If you don't have GPU, use the following:

pip install torch==1.7.1+cpu torchvision==0.8.2+cpu torchaudio==0.7.2 -f https://download.pytorch.org/whl/torch_stable.html

Similarly, you need to install DGL library. For example, cuda==9.2:

pip install dgl-cu92

For cpu version of DGL:

pip install dgl

Tested versions of torch and dgl are:

  • torch==1.7.1+cu92
  • dgl_cu92==0.5.3

Running

Starting point is file scripts/run.py:

python scripts/run.py dataset models 
    (optional) 
            --save_folder: str = None
            --task: str = 'regression',
            --repeat_exp: int = 1,
            --max_seeds: int = 5,
            --dataset_dir: str = None,
            --config_dir: str = None

Available options for dataset:

  • house (regression)
  • county (regression)
  • vk (regression)
  • wiki (regression)
  • avazu (regression)
  • vk_class (classification)
  • house_class (classification)
  • dblp (classification)
  • slap (classification)
  • path/to/your/dataset

Available options for models are catboost, lightgbm, gnn, resgnn, bgnn, all.

Each model is specifed by its config. Check configs/ folder to specify parameters of the model and run.

Upon completion, the results wil be saved in the specifed folder (default: results/{dataset}/day_month/). This folder will contain aggregated_results.json, which will contain aggregated results for each model. Each model will have 4 numbers in this order: mean metric (RMSE or accuracy), std metric, mean runtime, std runtime. File seed_results.json will have results for each experiment and each seed. Additional folders will contain loss values during training.


###Examples

The following script will launch all models on House dataset.

python scripts/run.py house all

The following script will launch CatBoost and GNN models on SLAP classification dataset.

python scripts/run.py slap catboost gnn --task classification

The following script will launch LightGBM model for 5 splits of data, repeating each experiment for 3 times.
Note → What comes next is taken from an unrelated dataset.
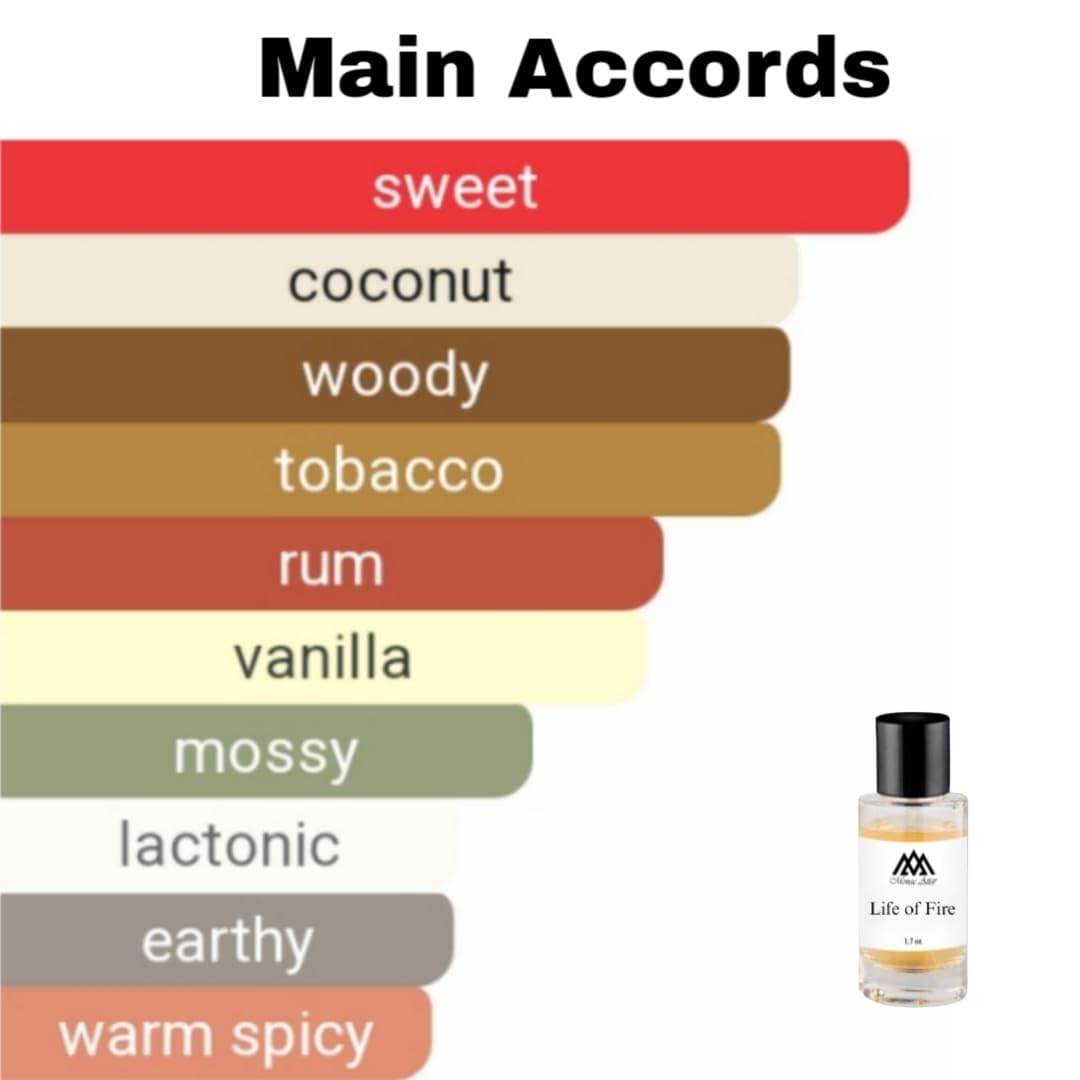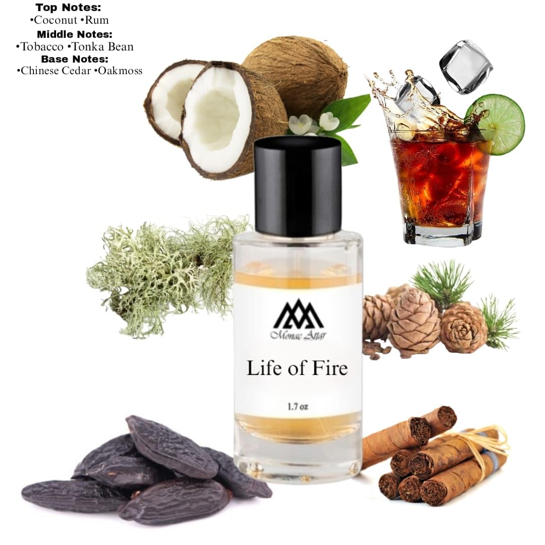 Life Of Fire is a woody, gourmand, and boozy fragrance with top notes of coconut and rum, heart notes of tobacco and tonka bean, and base notes of oakmoss and Chinese cedarwood. It’s described as seductive and lively, with a style of woody amber. Some say it’s a manly scent, while others say it’s sweet in the middle and has a woody vibe NOTES : Top notes are Coconut and Rum; middle notes are Tobacco and Tonka Bean; base notes are Chinese Cedar and Oakmoss.

python scripts/run.py vk lightgbm --repeat_exp 3 --max_seeds 5

The following script will launch resgnn and bgnn models saving results to custom folder.

python scripts/run.py county resgnn bgnn --save_folder ./county_resgnn_bgnn

Running on your dataset

To run the code on your dataset, it's necessary to prepare the files in the right format.

You can check examples in datasets/ folder.

There should be at least X.csv (node features), y.csv (target labels), graph.graphml (graph in graphml format).

Make sure to keep these filenames for your dataset.

You can also have cat_features.txt specifying names of categorical columns.

You can also have masks.json specifying train/val/test splits.

After that run the script as usual:

python scripts/run.py path/to/your/dataset gnn catboost 

Citation

@inproceedings{
ivanov2021boost,
title={Boost then Convolve: Gradient Boosting Meets Graph Neural Networks},
author={Sergei Ivanov and Liudmila Prokhorenkova},
booktitle={International Conference on Learning Representations (ICLR)},
year={2021},
url={https://openreview.net/forum?id=ebS5NUfoMKL}
}